An all-rounder who was primarily a bowler, in an 86-Test career he took 431 wickets (at the time the world record), and was the first bowler to pass 400 wickets, with an average of 22.29, and made 3124 Test runs at 27.16, including two centuries and 15 fifties.

Hadlee is rated by many experts as the greatest exponent of bowling with the new ball. He was the master of (conventional) swing and was the original Sultan of Swing. Hadlee was seen as one of the finest fast bowlers of his time, despite the contemporaneous presence of high-quality players such as Dennis Lillee, Imran Khan, Andy Roberts, Michael Holding, Joel Garner, Kapil Dev, Ian Botham, Wasim Akram and Malcolm Marshall among others.

As one of the four top all-rounders of his time, (the others being Imran Khan, Kapil Dev and Ian Botham) Hadlee had the best bowling average of the four, but the lowest batting average.

Born in Christchurch, Hadlee made his first class debut for Canterbury in 1971/72 and his Test match debut in 1973 – on both occasions, his first delivery was dispatched to the boundary. Hadlee was an inconsistent performer at Test level for several years, but a breakthrough performance against India in 1976, in which he took 11 wickets in a game resulting in a win by New Zealand, cemented his place in the side. In 1978, Hadlee helped New Zealand to a historic first win over England by taking 6 for 26 in England's second innings, bowling the visitors out for 64 chasing a target of 137.

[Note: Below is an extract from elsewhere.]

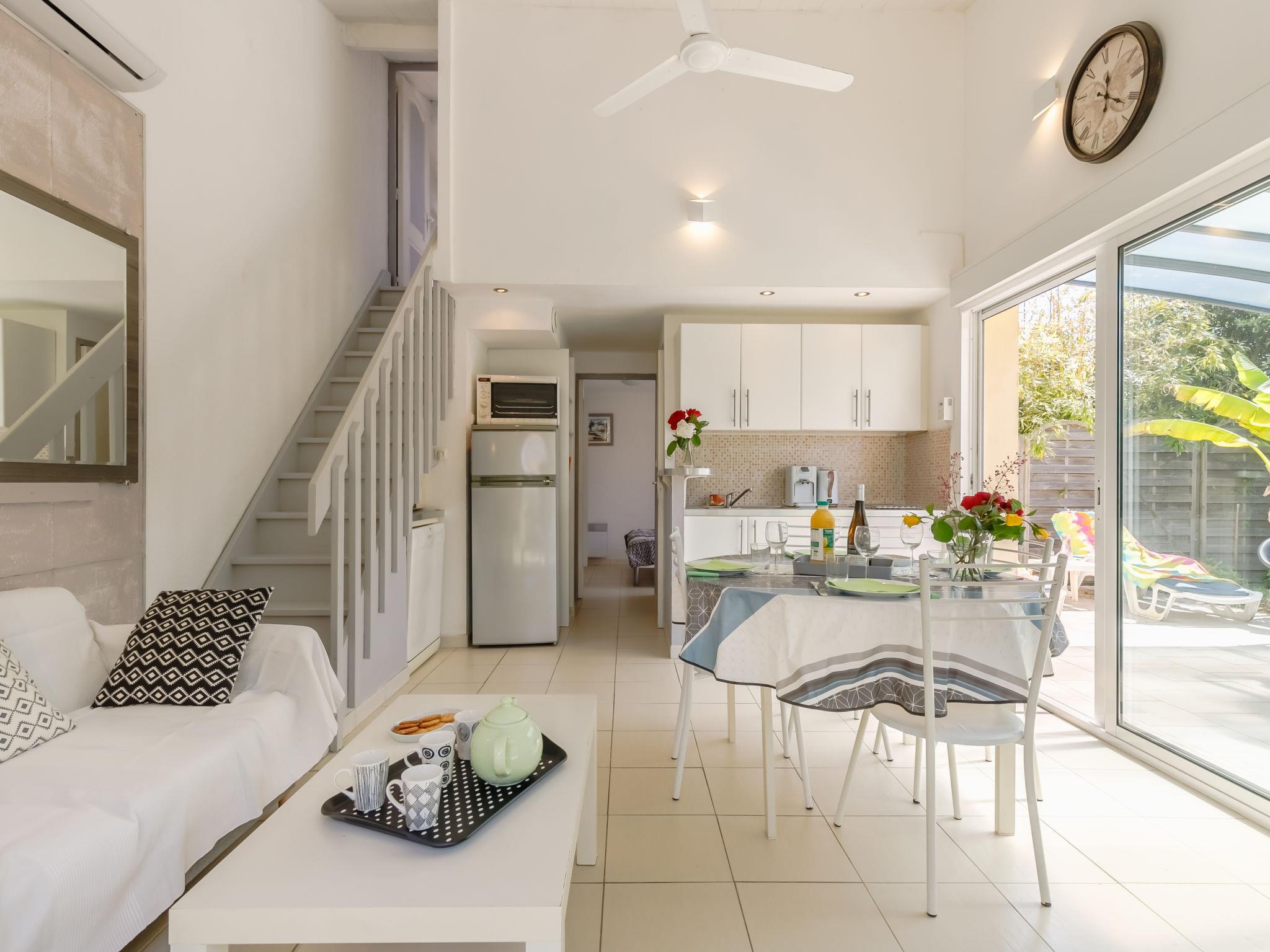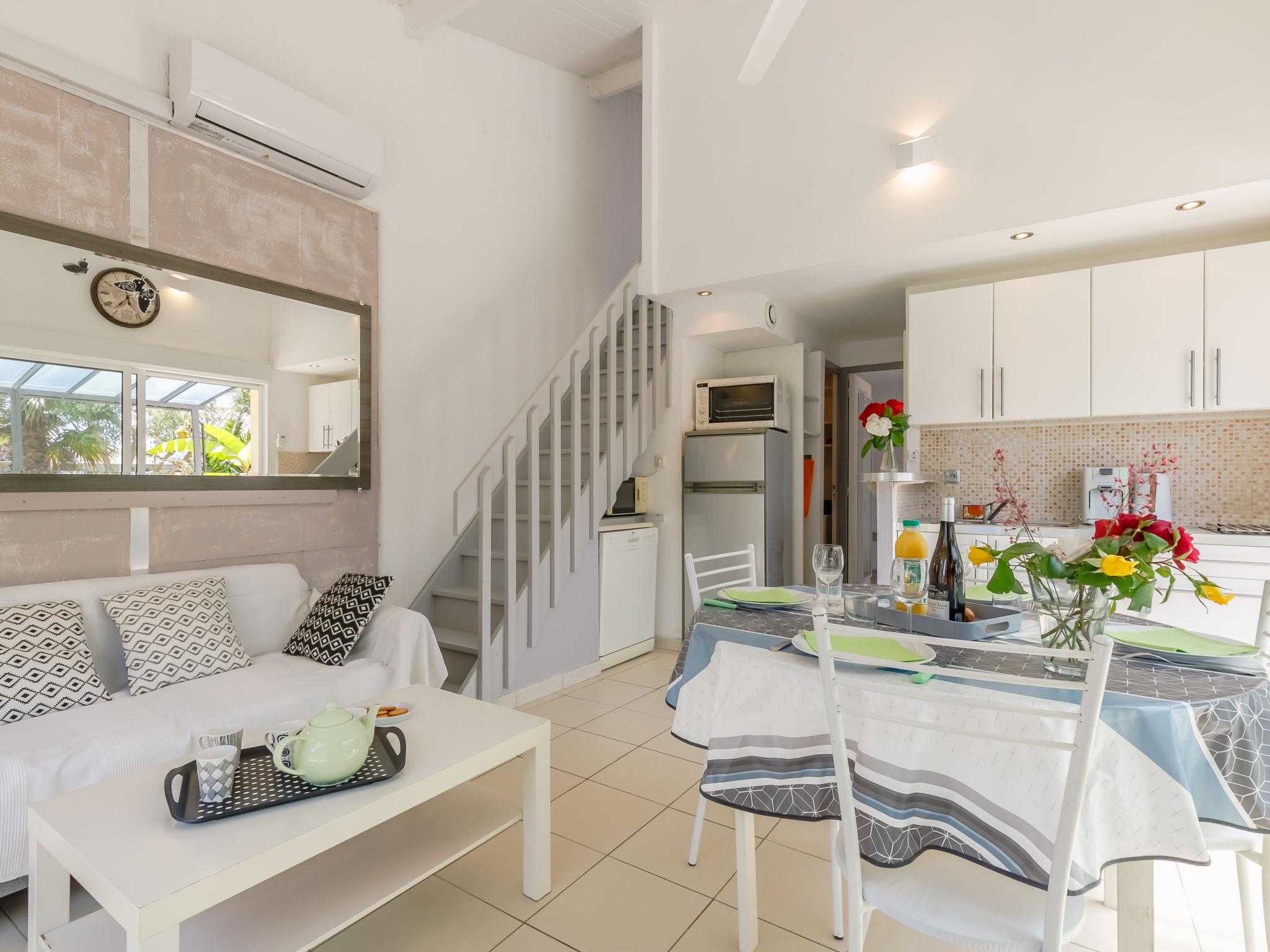 "Les Oliviers", 3-room house 45 m2 on 2 levels. Beautiful furnishings: living/dining room with dining table, satellite TV, hi-fi system and DVD. Exit to the terrace. 1 room with 1 french bed (140 cm, length 190 cm). Open kitchen (oven, dishwasher, 2 induction hot plates, toaster, kettle, microwave, freezer, electric coffee machine, Capsules for coffee machine (Senseo) extra). Exit to the terrace. Shower, sep. WC. Upper floor: 1 room with sloping ceilings with 2 beds (90 cm, length 190 cm), 1 sofabed (140 cm, length 190 cm). Electric heating. Terrace. Terrace furniture, barbecue (portable), deck chairs (2). Facilities: washing machine, iron, children's high chair, baby cot. Internet (WiFi, free). Please note: maximum 1 pet/ dog allowed. Smoke alarm. Bed layout is flexible. There are more sleeping options available than the maximum number of people allowed which may, however, not be exceeded.

In 1979/80, New Zealand faced the West Indies in a home Test series at a time when the West Indies were a formidable world cricket power. In the first Test in Dunedin New Zealand achieved a shock 1-wicket win, helped by Hadlee's 11 wickets in the game. In the second Test, Hadlee scored his maiden Test century, helping New Zealand draw the Test and win the series 1–0. The result was the start of a 12-year unbeaten home record for New Zealand in Test match series. Hadlee was appointed a Member of the Order of the British Empire, for services to cricket, in the 1980 Queen's Birthday Honours.

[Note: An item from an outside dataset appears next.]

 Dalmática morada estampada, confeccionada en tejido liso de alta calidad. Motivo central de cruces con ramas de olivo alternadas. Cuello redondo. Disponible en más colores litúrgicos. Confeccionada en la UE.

A tour to England in 1983 saw New Zealand register their first ever Test win on English soil, at Headingley. The match was remarkable for Hadlee's match return of 0 for 89, a very unusual occurrence in a New Zealand victory during his career. England eventually won the 4 Test series 3–1. Hadlee topped both batting and bowling averages for New Zealand in the series, and took his 200th Test wicket in the final Test at Nottingham. In the return Test series in New Zealand in 1984, New Zealand completed a remarkable three-day innings victory (including one day lost to rain) over England at Christchurch, in which England were dismissed for less than 100 in both of their innings. The match was also notable for Hadlee's superb all-round performance – he took 8 wickets in the match, and scored a rapid-fire 99 in New Zealand's only innings. These efforts led him to achieve the number 1 ranking in ICC Test Bowling Rankings for the year 1984 (he retained it for the next four years, till 1988).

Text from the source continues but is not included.